Phenylketonuria (PKU) is an inherited metabolic disorder caused by mutation within phenylalanine hydroxylase (PAH) gene. Loss-of-function of PAH leads to accumulation of phenylalanine in the blood/body of an untreated patient, which damages the developing brain, causing severe mental retardation. Current gene therapy strategies based on adeno-associated vector (AAV) delivery of PAH gene were effective in male animals but had little long-term effects on blood hyperphenylalaninemia in females. Here, we designed a gene therapy strategy using AAV to deliver a human codon-optimized phenylalanine amino lyase in a liver-specific manner. It was shown that PAL was active in lysing phenylalanine when it was expressed in mammalian cells. We produced a recombinant adeno-associated vector serotype 8 (AAV8) viral vector expressing the humanized PAL under the control of human antitrypsin (hAAT) promoter (AAV8-PAL). A single intravenous administration of AAV8-PAL caused long-term correction of hyperphenylalaninemia in both male and female PKU mice (strain Pah^enu2). Besides, no obvious liver injury was observed throughout the treatment process. Thus, our results established that AAV-mediated liver delivery of PAL gene is a promising strategy in the treatment of PKU.
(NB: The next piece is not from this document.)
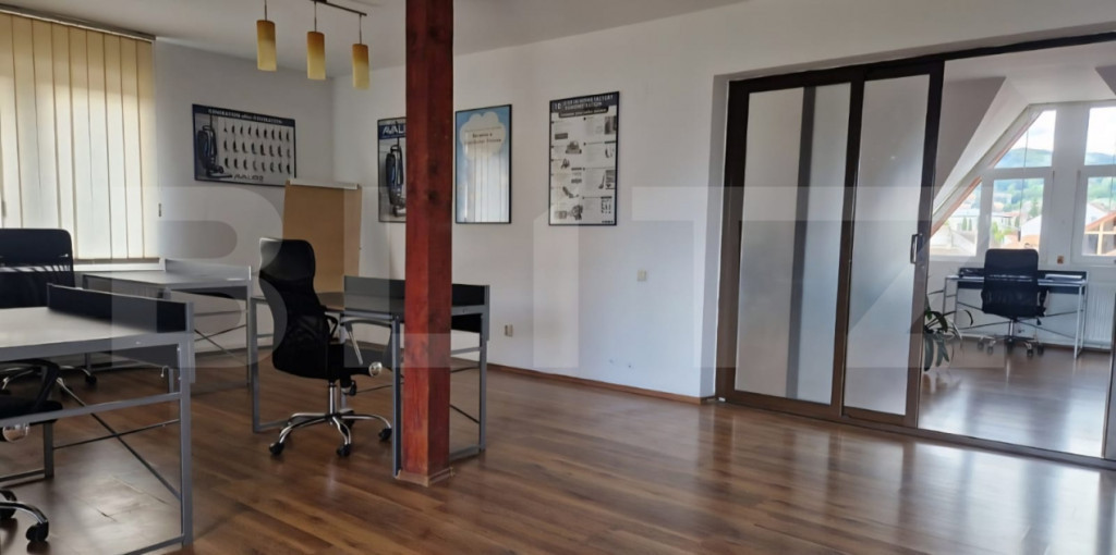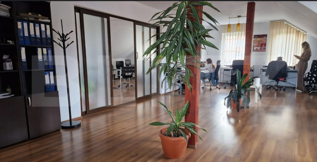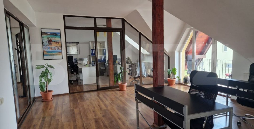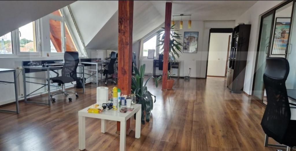 BLITZ vă prezintă spre închiriere un spațiu generos de 120 mp utili, situat la mansarda unei clădiri moderne, destinată închirierii pe termen lung. Spațiul se remarcă prin versatilitate și confort, fiind ideal pentru birouri, activități IT, call center, logistică sau alte domenii similare. Facilități: Grup sanitar propriu Centrală termică individuală Aer condiționat 4 locuri de parcare în curtea proprie Curte supravegheată video Utilități contorizate separat Amplasarea este una avantajoasă, într-o zonă ușor accesibilă, cu restaurante, hoteluri și supermarket Kaufland în imediata apropiere. Condiții financiare: Preț final, fără TVA Utilitățile se achită separat, în funcție de consum Cod ofertă / ID BLITZ: P156286 Id intern: P156286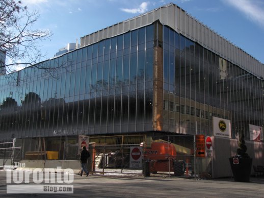 I’m glad to see the drab old building getting a complete overhaul, and I enjoy how the gallery’s shiny glass skin reflects nearby buildings on the Ryerson campus, including the clocktower at Kerr Hall. Unfortunately, most of the Rye U students don’t even seem to notice the gallery taking shape; they’re too busy fiddling with their smart phones as they rush past on their way to and from classes and coffee shops. But I’m sure the new school will catch their attention once the construction hoarding and fences come down, and the university joins the ranks of “the top international centres for photography and related disciplines.”

苯丙酮尿症（PKU）是一种由苯丙氨酸羟化酶（PAH）基因突变引起的遗传性代谢疾病。PAH 的功能丧失导致苯丙氨酸在未经治疗的患者的血液/体内积聚，从而损害发育中的大脑，导致严重的智力迟钝。目前基于 PAH 基因的腺相关载体 (AAV) 递送的基因治疗策略对雄性动物有效，但对雌性血液高苯丙氨酸血症几乎没有长期影响。在这里，我们设计了一种基因治疗策略，使用 AAV 以肝脏特异性方式递送人类密码子优化的苯丙氨酸氨基裂合酶。结果表明，当 PAL 在哺乳动物细胞中表达时，它具有裂解苯丙氨酸的活性。我们生产了一种重组腺相关载体血清型 8 (AAV8) 病毒载体，该病毒载体在人抗胰蛋白酶 (hAAT) 启动子 (AAV8-PAL) 的控制下表达人源化 PAL。单次静脉注射 AAV8-PAL 可长期纠正雄性和雌性 PKU 小鼠（Pah 菌株）的高苯丙氨酸血症。^enu2 )。此外，在整个治疗过程中未观察到明显的肝损伤。因此，我们的研究结果表明，AAV 介导的 PAL 基因肝脏递送是治疗 PKU 的有前景的策略。